The Big Snit is a 1985 animated short film written and directed by Richard Condie and produced by the National Film Board of Canada.

==Plot==
A married couple sit in their front room playing a game of Scrabble. The husband is stumped in his next move, and the wife gets up to vacuum while he tries to think of a word. He switches on the TV for his favourite TV show, Sawing for Teens, and dozes off. Sawing for Teens is interrupted by an emergency broadcast in which it is announced that a worldwide nuclear war has broken out. The cat chews on the TV's electrical cord and knocks out the TV before the husband can see the announcement. When he awakens, he looks out the window to see chaos in the streets, without any idea what it means. He sneaks a peek at his wife's letters. The wife, also unaware of the news, returns to the game, notices her letters have been moved, and accuses her husband of cheating. They argue and the wife runs out of the room in tears.

The husband, feeling sorry for arguing, spots an old photo of him and his wife at a fair, prompting memories of themselves in happier times. He approaches her with a concertina and begins playing on it. She softens up and the two embrace. The cat sits by the door to be let outside, and the husband reaches for the doorknob. At that moment, a white glow emanates from the keyhole and the husband is vapourized. He opens the door and the scene of chaos has been replaced by the sight of angels, clouds, and other heavenly objects. The couple, unaware of the cataclysm that has taken place, marvel at the beauty of the scene and decide to return to their Scrabble game.

==Voice cast==
- Jay Brazeau as the Husband
- Ida Osler as the Wife
- Randy Woods as the "Sawing for Teens" Host
- Bill Guest as the Station Announcer

==Reception and legacy==
The film received 17 awards including the Grand Prize at the Montreal World Film Festival, the Special Jury Award for Humour at the Zagreb World Festival of Animated Films, the Golden Space Needle for Best Short at the Seattle International Film Festival, Best Animated Film at the Tampere Film Festival, the Silver Plaque for Animation at the Chicago International Film Festival, the Hiroshima Prize at the Hiroshima International Animation Festival, the FIPRESCI International Film Critics' Prize at the Annecy International Animated Film Festival and a Genie Award for Best Animated Short. It was also nominated for an Academy Award for Best Animated Short Film at the 58th Academy Awards.

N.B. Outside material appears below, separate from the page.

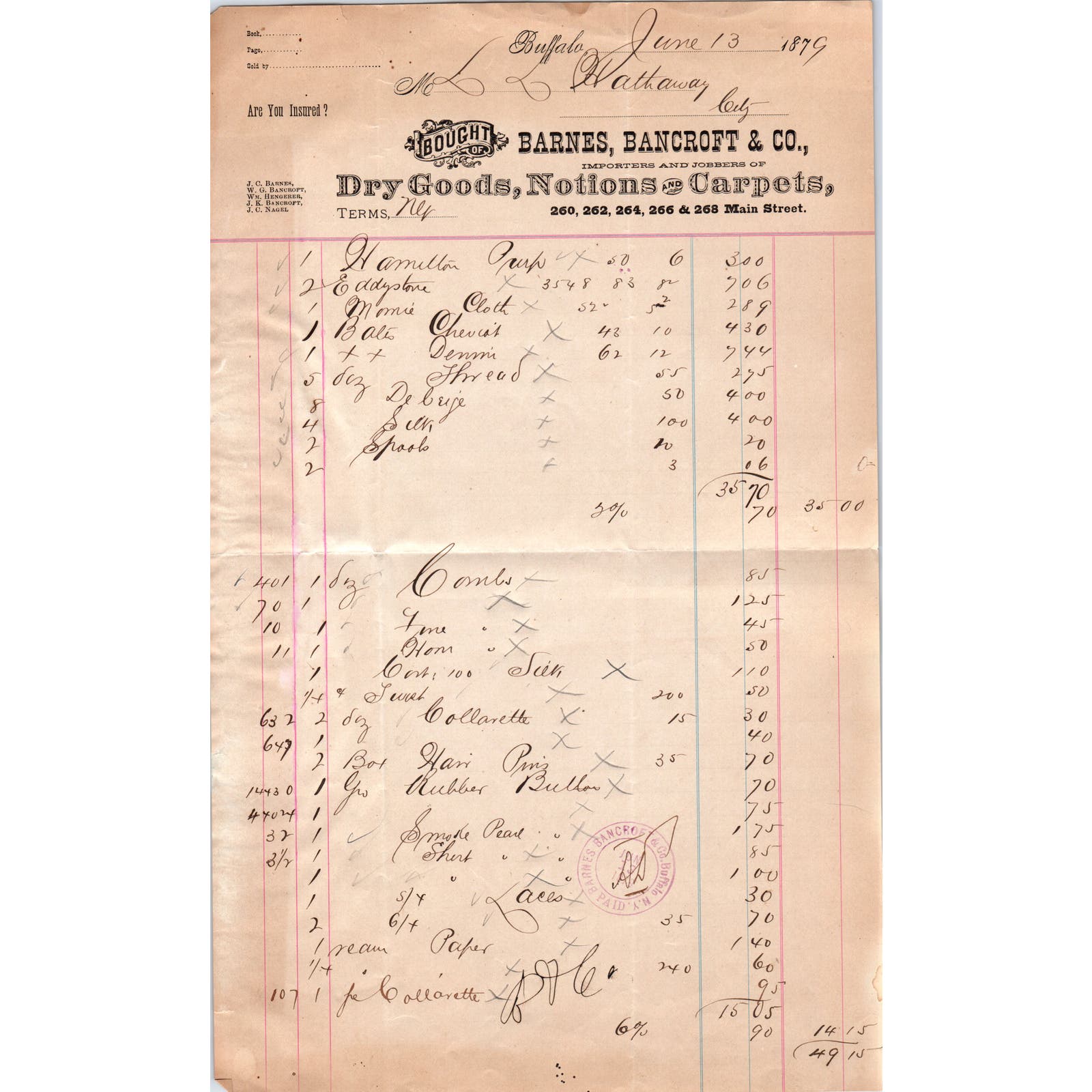 1879 Barnes, Bancroft and Co Dry Goods Buffalo NY Billhead Letterhead D17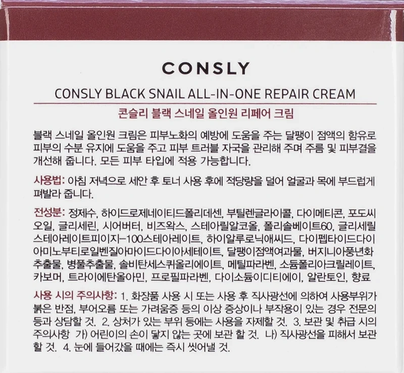 Крем для лица Consly многофункциональный восстанавливающий с муцином черной улитки, 70мл

In 1994, it was voted #25 of the 50 Greatest Cartoons of all time by members of the animation field, and was the highest ranked cartoon in the list that was from the NFB. It was also included in the Animation Show of Shows. Animation expert Charles Solomon cited it as one of the best animated films of the 1980s.

===In popular culture===
The Big Snit inspired a Scrabble scene in the second episode of The Simpsons' first season, "Bart the Genius".